DATA EXCERPTS START
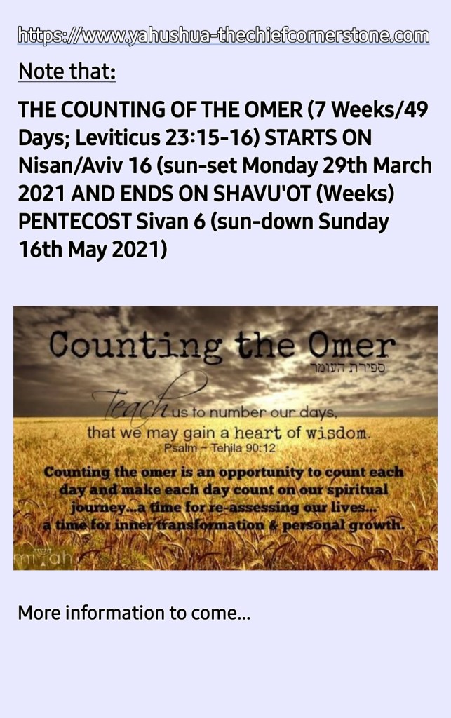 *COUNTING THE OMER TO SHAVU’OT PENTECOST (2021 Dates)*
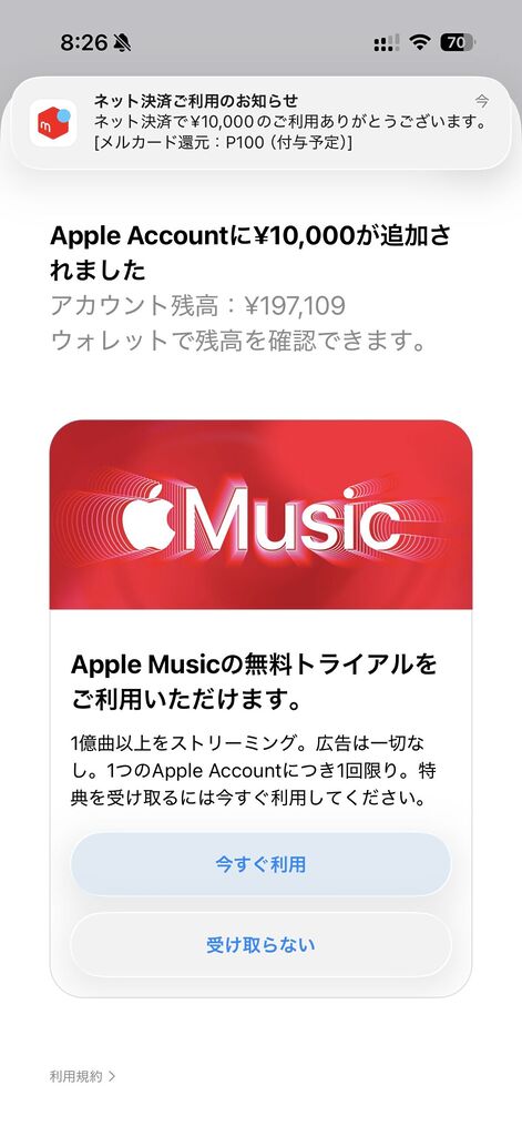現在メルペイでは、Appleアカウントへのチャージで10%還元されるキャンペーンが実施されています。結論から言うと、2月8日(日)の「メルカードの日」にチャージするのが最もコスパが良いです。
DATA EXCERPTS END
DATA EXCERPTS START
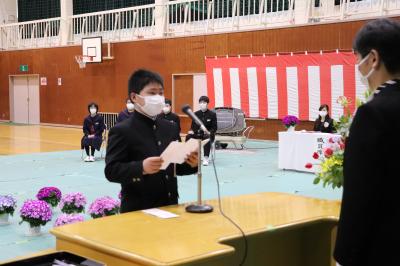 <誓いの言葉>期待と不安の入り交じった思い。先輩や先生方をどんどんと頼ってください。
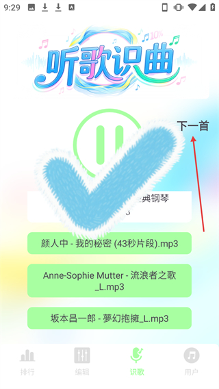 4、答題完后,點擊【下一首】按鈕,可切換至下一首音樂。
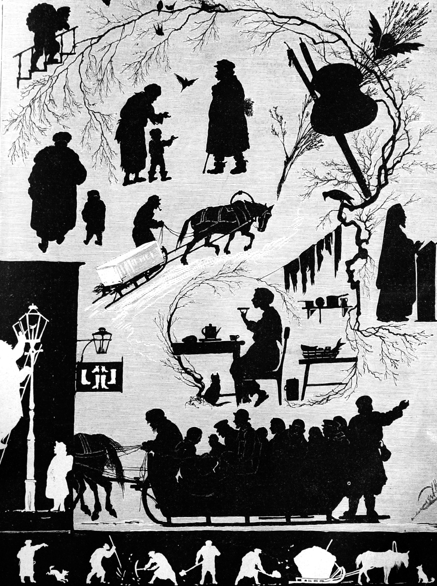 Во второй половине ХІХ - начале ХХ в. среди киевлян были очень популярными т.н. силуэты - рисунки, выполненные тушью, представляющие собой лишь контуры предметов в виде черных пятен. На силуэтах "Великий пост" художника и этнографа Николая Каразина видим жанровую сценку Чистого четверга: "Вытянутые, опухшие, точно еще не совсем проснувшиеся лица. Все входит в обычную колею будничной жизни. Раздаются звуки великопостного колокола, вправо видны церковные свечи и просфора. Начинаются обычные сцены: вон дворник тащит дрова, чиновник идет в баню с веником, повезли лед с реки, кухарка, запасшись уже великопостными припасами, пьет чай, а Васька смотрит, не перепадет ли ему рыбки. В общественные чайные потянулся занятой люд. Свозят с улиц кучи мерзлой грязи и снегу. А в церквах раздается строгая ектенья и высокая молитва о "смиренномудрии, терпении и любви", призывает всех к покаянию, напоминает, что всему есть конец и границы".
DATA EXCERPTS END
DATA EXCERPTS START
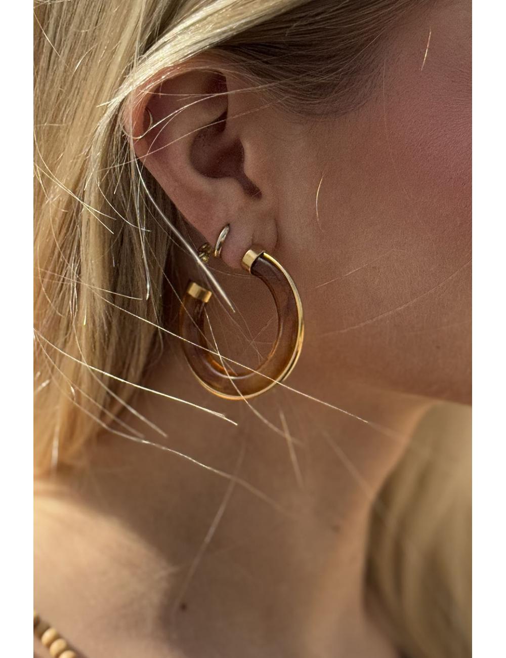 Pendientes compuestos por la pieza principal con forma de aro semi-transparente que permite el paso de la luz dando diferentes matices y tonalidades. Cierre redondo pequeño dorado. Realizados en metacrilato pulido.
DATA EXCERPTS END
◆ **HOW TO COMPLETE THIS TASK**
Output exactly those lines of the data above that run from the line with "4、答題完后,點擊【下一首】按鈕,可切換至下一首音樂。" up to and including the line with "Во второй половине". No pictures go in.

◆ **EXERCISE RESPONSE**
 4、答題完后,點擊【下一首】按鈕,可切換至下一首音樂。
 Во второй половине ХІХ - начале ХХ в. среди киевлян были очень популярными т.н. силуэты - рисунки, выполненные тушью, представляющие собой лишь контуры предметов в виде черных пятен. На силуэтах "Великий пост" художника и этнографа Николая Каразина видим жанровую сценку Чистого четверга: "Вытянутые, опухшие, точно еще не совсем проснувшиеся лица. Все входит в обычную колею будничной жизни. Раздаются звуки великопостного колокола, вправо видны церковные свечи и просфора. Начинаются обычные сцены: вон дворник тащит дрова, чиновник идет в баню с веником, повезли лед с реки, кухарка, запасшись уже великопостными припасами, пьет чай, а Васька смотрит, не перепадет ли ему рыбки. В общественные чайные потянулся занятой люд. Свозят с улиц кучи мерзлой грязи и снегу. А в церквах раздается строгая ектенья и высокая молитва о "смиренномудрии, терпении и любви", призывает всех к покаянию, напоминает, что всему есть конец и границы".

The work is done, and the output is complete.